In meditation, when we go into our inner world, we may encounter not only eternal bliss, but also the parts of us that ache because they represent the dreams that we have not fulfilled. A part of life that we didn't dare to live.

So we feel pain, but it is not necessarily a pain that we need to silence and shun further into the exile. It is something to listen to and act upon, unless we want to miss out on our own adventure.

So, back to my story.

After graduating with a Ph.D., my husband and I moved to the San Francisco Bay Area to pursue our postdocs, and life took a turn from easy to grim. My research project was a dead-end, and I was drained and depressed from the demands of raising a 2-year-old daughter on a meager postdoc salary. Plus, I spent way too much time on the bus, commuting to and from San Francisco. And during those times, a silent part of me that wanted something different went ka-boom! I went into an intense feeling of heartache, that couldn’t be silenced by anything. A part of me was shrieking, “Go find a teacher who can train you. You can’t delay it, you must do it now”. While my practical side retaliated, reminding me that I had no stable job to make enough money to even pay for the daycare, no green card to stay in the country (my visa was tied to my workplace), and no slightest idea of where even to look for meditation teachers who take apprentices. Classic beginning to a good story.

My problem back then was:

  1. Lack of faith in my destiny.

  2. Lack of knowledge on how certain things work. I didn't know such important terms as "dharma" or "daimon" or "shamanic calling”. I wasn’t aware that dharma is what is mine to do in the world. It is a duty that can't be forfeited.

"Daimon" is a term described by Carl Jung as an inner force of creativity that will destroy us unless we use it. I also knew nothing about "shamanic initiations" that can't be refused. Talk to any shaman if you don't believe me. You don't mess with your own vocation. If you got a strong gift, you either use it or it will batter you until you start using it.
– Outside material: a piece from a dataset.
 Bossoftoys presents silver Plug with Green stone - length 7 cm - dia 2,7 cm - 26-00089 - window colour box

I always thought that all of that was nonsense, and that I had the willpower to refuse the calling, ignore my dharma, and fight the spirit of creativity inside of me. Ha ha. The consequences of that limited worldview were despair, heartache, and constant bloody battles inside.
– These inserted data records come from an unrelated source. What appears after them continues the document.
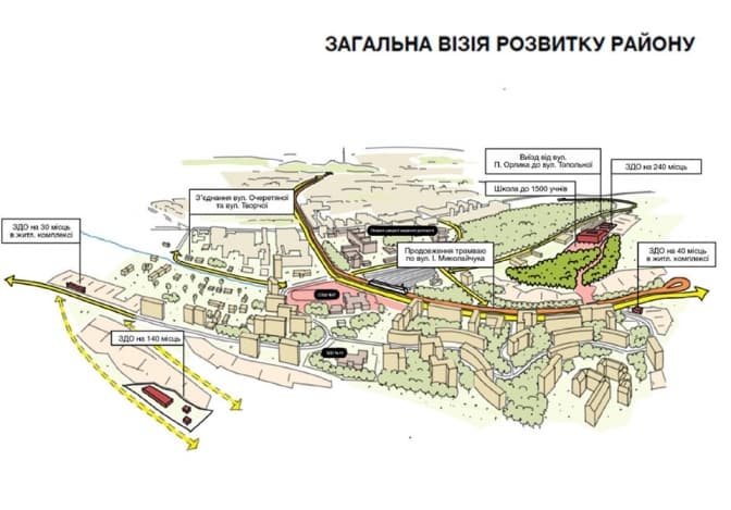 «Працюючи над цією концепцією, ми зважили, скільки мешканців є, скільки буде у перспективі з огляду на роздані містобудівні умови та обмеження. Нині там є щільно населені квартали, лікарня швидкої допомоги, Замарстинівський парк. Перші кроки для посилення інфраструктури – це забезпечення належного рівня території школи №97. Йдеться про завершення спортмайданчика, потрібно сформувати бігові доріжки зі спеціальним покриттям, а також провести реконструкцію благоустрою школи, щоби вона стала серцем мікрорайону, головним громадським простором», – каже Коломєйцев.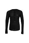 Легкий, свободный мужской черный лонгслив с планкой на брендированных пуговицах.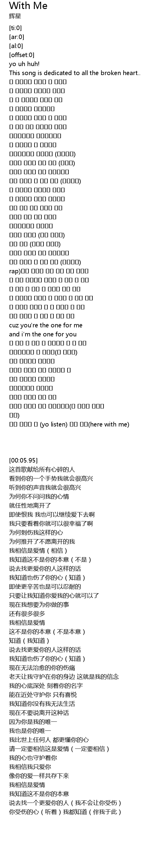 | [03:20.73] | 아픈 니맘도 다 (yo listen) 알수 있어(here with me) |
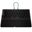 Herní klávesnice ROG Falcata 75 % s rozdělenou klávesnicí, magnetickými spínači ROG HFX V2 s možností výměny za provozu a snímačem ROG Hall Sensor; vybavená přepínačem Rapid Trigger, intuitivním ovládáním a multifunkčním kolečkem, třírežimovým připojením s bezdrátovou technologií ROG SpeedNova 8K, režimem Zone Mode, čtyřvrstvým tlumení a odnímatelnými silikonovými opěrkami zápěstí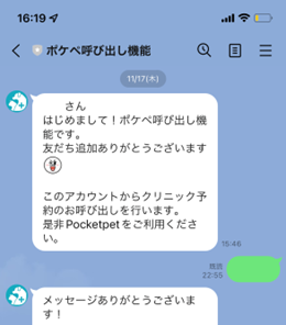 あらかじめ患者さまにPocketPet公式LINEとご自身のLINEを連携していただくことで、診察の順番が近づいたタイミングで、LINEを通じて患者さまを呼び出すことができます。患者さまも待ち時間を短縮することができますし、ペットクリニックも診察の順番に遅れる患者さまを減らすことができます。

Back then, I hadn’t realized that my life was somewhat taken care of. I just didn't know that yet. Were I to know the concept of, “faith”, my life would have been easier.

I only had one book on spirituality in my home that I really liked; it talked about how meditation was easy and natural. I found it at Duke library, and I never parted with it because it was the kindest presence I knew in my life. The guy who wrote it, Lorin Roche, had a PhD from UC Irvine on research in meditation and has been teaching meditation for 40+ years. I got the book in 2010, but I haven't met Lorin in person until 2016, when I started my meditation teacher training. In 2018 I started my apprenticeship with him through hundreds of phone conversations, emails, discussions, and then working and teaching together. In 2020, during the pandemic, I quit my corporate job to start promoting meditation online. In 2021, in the midst of the pandemic, we trained over 1000 meditation teachers and brought this inner medicine to many more people. We managed to be one of the most affordable training programs and gave 200+ scholarships to bring meditation into unrepresented communities. Over 2 years, we made close to 2 million in revenue, and in 2022 a nonprofit was established from those profits. Mind it, I had on experience running meditation schools before that. One would say it was magic and luck, and I would say that the reason I was so strongly pushed by my heart to pursue that direction is because thousands of people have benefited from that.

I learned most things I know about meditation from my teacher, and he is family to me. My mistake was to doubt my dreams and desires so much. I lived years in despair, fighting my own wisdom and power.

Not a mistake that I want to make again.

P.S. A quote that my teacher love is, “There is no cure for not living your creativity.” I want to remember that too.